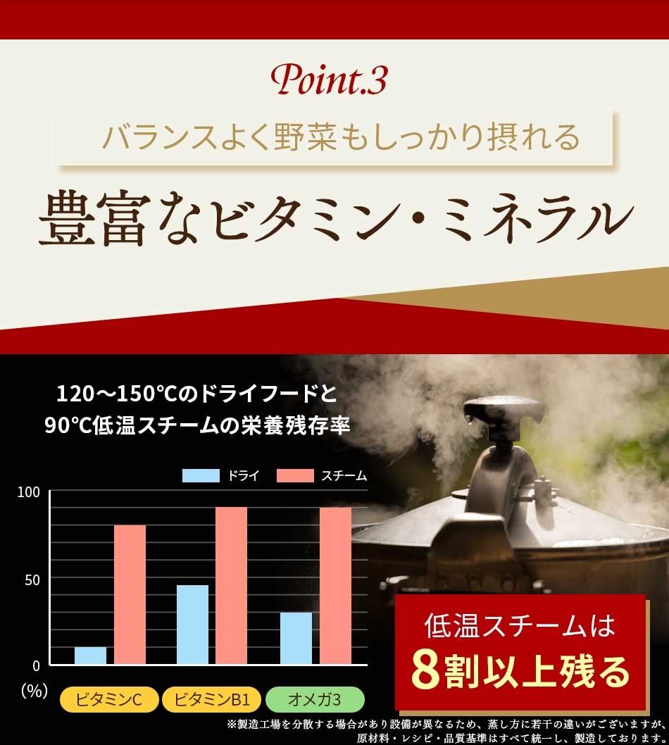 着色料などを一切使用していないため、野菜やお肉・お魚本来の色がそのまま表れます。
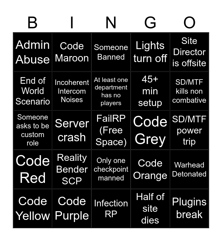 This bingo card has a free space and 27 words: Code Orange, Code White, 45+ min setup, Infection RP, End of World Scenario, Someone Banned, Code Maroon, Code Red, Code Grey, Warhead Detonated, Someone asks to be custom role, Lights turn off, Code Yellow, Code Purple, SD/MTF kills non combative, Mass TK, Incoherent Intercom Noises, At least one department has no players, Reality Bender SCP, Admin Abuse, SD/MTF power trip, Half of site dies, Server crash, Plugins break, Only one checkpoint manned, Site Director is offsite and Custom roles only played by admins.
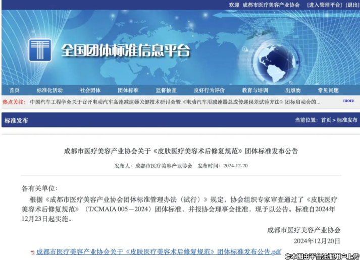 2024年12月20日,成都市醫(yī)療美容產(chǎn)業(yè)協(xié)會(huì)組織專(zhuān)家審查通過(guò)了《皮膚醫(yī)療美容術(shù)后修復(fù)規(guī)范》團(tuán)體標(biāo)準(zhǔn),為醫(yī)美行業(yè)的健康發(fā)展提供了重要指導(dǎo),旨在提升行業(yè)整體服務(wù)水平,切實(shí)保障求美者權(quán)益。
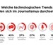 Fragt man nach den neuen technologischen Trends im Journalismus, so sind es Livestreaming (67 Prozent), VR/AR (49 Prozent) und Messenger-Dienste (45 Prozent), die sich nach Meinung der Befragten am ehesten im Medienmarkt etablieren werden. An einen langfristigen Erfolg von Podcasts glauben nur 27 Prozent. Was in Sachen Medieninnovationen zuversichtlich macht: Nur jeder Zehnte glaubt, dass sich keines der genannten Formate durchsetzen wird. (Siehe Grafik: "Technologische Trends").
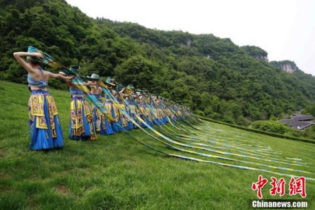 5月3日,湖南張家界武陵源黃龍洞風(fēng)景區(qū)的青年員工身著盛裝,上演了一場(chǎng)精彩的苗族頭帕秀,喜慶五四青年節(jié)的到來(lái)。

———

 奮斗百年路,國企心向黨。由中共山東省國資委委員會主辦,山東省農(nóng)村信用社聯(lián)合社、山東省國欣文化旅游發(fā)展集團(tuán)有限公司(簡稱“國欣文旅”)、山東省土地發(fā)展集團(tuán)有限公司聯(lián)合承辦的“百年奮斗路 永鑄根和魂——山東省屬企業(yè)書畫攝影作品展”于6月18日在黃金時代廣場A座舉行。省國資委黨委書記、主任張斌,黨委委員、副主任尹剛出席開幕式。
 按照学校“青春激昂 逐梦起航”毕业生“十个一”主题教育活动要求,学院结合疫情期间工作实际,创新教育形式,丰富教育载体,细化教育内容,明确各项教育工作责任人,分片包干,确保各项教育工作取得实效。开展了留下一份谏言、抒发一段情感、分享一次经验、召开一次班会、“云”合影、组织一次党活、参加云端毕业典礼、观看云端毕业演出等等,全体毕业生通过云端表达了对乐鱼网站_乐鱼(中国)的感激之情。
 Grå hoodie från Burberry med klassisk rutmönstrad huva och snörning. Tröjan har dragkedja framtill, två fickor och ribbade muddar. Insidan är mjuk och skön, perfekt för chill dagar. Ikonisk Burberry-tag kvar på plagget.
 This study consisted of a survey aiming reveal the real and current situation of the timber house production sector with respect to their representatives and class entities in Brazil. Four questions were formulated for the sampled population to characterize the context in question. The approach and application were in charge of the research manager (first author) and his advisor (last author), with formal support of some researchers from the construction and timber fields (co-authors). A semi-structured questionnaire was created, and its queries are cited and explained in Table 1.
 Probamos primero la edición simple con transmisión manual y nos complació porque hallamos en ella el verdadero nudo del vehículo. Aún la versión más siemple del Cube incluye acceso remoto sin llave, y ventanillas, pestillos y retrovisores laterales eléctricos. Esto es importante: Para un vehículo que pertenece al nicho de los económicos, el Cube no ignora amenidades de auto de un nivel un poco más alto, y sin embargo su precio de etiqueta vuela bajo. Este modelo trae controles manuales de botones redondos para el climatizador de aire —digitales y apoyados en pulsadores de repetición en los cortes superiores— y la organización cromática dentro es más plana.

———

Action item: The response must repeat exactly the lines above from the one with "2024年12月20日,成都" through the one with "5月3日,湖南張家界武陵源黃", including both, and must contain no pictures and no other text.

Exercise response:
 2024年12月20日,成都市醫(yī)療美容產(chǎn)業(yè)協(xié)會(huì)組織專(zhuān)家審查通過(guò)了《皮膚醫(yī)療美容術(shù)后修復(fù)規(guī)范》團(tuán)體標(biāo)準(zhǔn),為醫(yī)美行業(yè)的健康發(fā)展提供了重要指導(dǎo),旨在提升行業(yè)整體服務(wù)水平,切實(shí)保障求美者權(quán)益。
 Fragt man nach den neuen technologischen Trends im Journalismus, so sind es Livestreaming (67 Prozent), VR/AR (49 Prozent) und Messenger-Dienste (45 Prozent), die sich nach Meinung der Befragten am ehesten im Medienmarkt etablieren werden. An einen langfristigen Erfolg von Podcasts glauben nur 27 Prozent. Was in Sachen Medieninnovationen zuversichtlich macht: Nur jeder Zehnte glaubt, dass sich keines der genannten Formate durchsetzen wird. (Siehe Grafik: "Technologische Trends").
 5月3日,湖南張家界武陵源黃龍洞風(fēng)景區(qū)的青年員工身著盛裝,上演了一場(chǎng)精彩的苗族頭帕秀,喜慶五四青年節(jié)的到來(lái)。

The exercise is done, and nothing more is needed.